All,
We migrated our systems onto a Linux server running OE 11.4 back in July . In Late November we had an outage on our Live server, and the DB log file reported a semaphore error. Server was rebooted, and everything went back to normal.
Saturday just gone, we had another outage, followed by two on Monday and 2 yesterday.

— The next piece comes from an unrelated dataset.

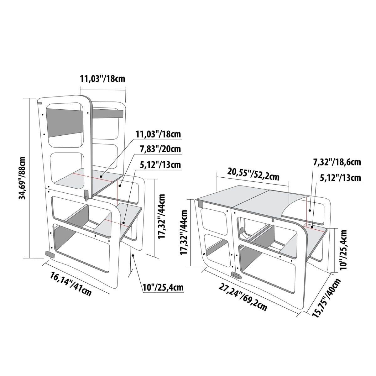 Met zorg vervaardigd uit lokale materialen binnen de Europese Unie, combineert deze keukentoren functionaliteit en esthetiek in één tijdloos ontwerp. De toren is 88 centimeter hoog, 40 centimeter breed en 41 centimeter diep, met een klimtrede op 24 centimeter en een stabiele ladder van 45 centimeter. In zijn tweede vorm verandert hij in een compacte tafel- en stoelset van 44 × 40 × 69,2 centimeter — perfect voor tekenen, eten of stille momenten van concentratie. Elk detail is handgemaakt in Letland door Montessori House Bed, met aandacht voor veiligheid, duurzaamheid en eenvoud.

we are seeing entries like:
[2015/12/14@15:27:47.359+0000] P-65624 T-140275601626944 I SRV 21: (1075) Semaphore id 30 was removed
[2015/12/14@15:27:47.359+0000] P-143185 T-139735250765632 I SRV 23: (723) ** The server has disconnected.
[2015/12/14@15:27:47.359+0000] P-65624 T-140275601626944 I SRV 21: (723) ** The server has disconnected.
[2015/12/14@15:27:47.359+0000] P-143185 T-139735250765632 F SRV : (6517) SYSTEM ERROR: Unexpected error return from semAdd -1
[2015/12/14@15:27:51.722+0000] P-9582 T-140607981442880 I ABL 104: (1075) Semaphore id -32739 was removed
[2015/12/14@15:27:51.722+0000] P-9549 T-140463995369280 I ABL 103: (1075) Semaphore id -32739 was removed
[2015/12/14@15:27:51.723+0000] P-9549 T-140463995369280 F ABL : (6517) SYSTEM ERROR: Unexpected error return from semAdd -1
[2015/12/14@15:27:54.167+0000] P-11878 T-139624773539648 I SRV 18: (1132) Invalid semaphore id
[2015/12/14@15:27:54.167+0000] P-11878 T-139624773539648 I SRV 18: (10839) SYSTEM ERROR: Unable to get value of semaphore set : semid = 28, errno = 22.
[2015/12/14@15:27:54.167+0000] P-11878 T-139624773539648 I SRV 18: (-----) semLockLog_2: semValue val = -1
[2015/12/14@15:27:54.167+0000] P-11878 T-139624773539648 I SRV 18: (1132) Invalid semaphore id
[2015/12/14@15:27:54.167+0000] P-11878 T-139624773539648 I SRV 18: (10839) SYSTEM ERROR: Unable to set semaphore set : semid = -32739, errno = 22.
[2015/12/14@15:27:54.169+0000] P-11878 T-139624773539648 I SRV 18: (2520) Stopped.
Our sys Admin has increased both SEMMSL, SEMMNS and SEMOPM slightly, but based on the limited reading about the values these need to be (article P61278) , we should have been fine.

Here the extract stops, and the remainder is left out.